The time complexity of the code is determined by the nested while loops that iterate over the variables a and b. Since both a and b are exponentially increased by multiplying by x and y, the number of iterations is proportional to the logarithm of the bound. More specifically, the outer while loop runs until a exceeds bound, which happens after O(log_x(bound)) iterations if x > 1, and only once if x == 1. Similarly, for each value of a, the inner while loop runs until b exceeds bound - a, which happens after O(log_y(bound)) iterations if y > 1, and only once if y == 1. The overall time complexity is, therefore, O(log_x(bound) * log_y(bound)), which can also be expressed as O((log bound)^2) assuming x and y are greater than 1. If either x or y is 1, the complexity would drop to O(log bound) or O(1) for x and y being 1 respectively.

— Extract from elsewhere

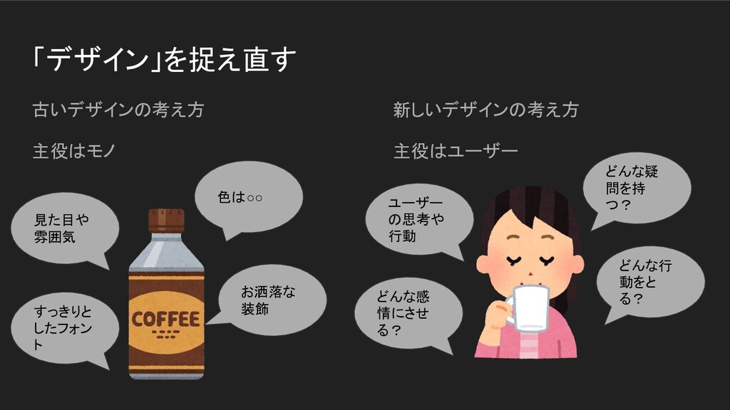「デザイン」を捉え直す 古いデザインの考え方 主役はモノ 新しいデザインの考え方 色は◦◦ お洒落な 装飾 すっきりと したフォン ト

The space complexity is determined by the size of the set ans, which contains all the different sums of a and b that do not exceed bound. In the worst case, every pair (a, b) is unique before reaching the bound. The size of the set would then be proportional to the number of pairs we can form, which is O(log_x(bound) * log_y(bound)), hence making the space complexity O((log bound)^2) for x and y greater than 1.

In summary:

  • Time Complexity: O((log bound)^2) when x > 1 and y > 1; O(log bound) when either x or y is 1; O(1) when both x and y are 1.
  • Space Complexity: O((log bound)^2) for x and y greater than 1; otherwise, it will be less depending on the number of unique sums obtainable when either x or y equals 1.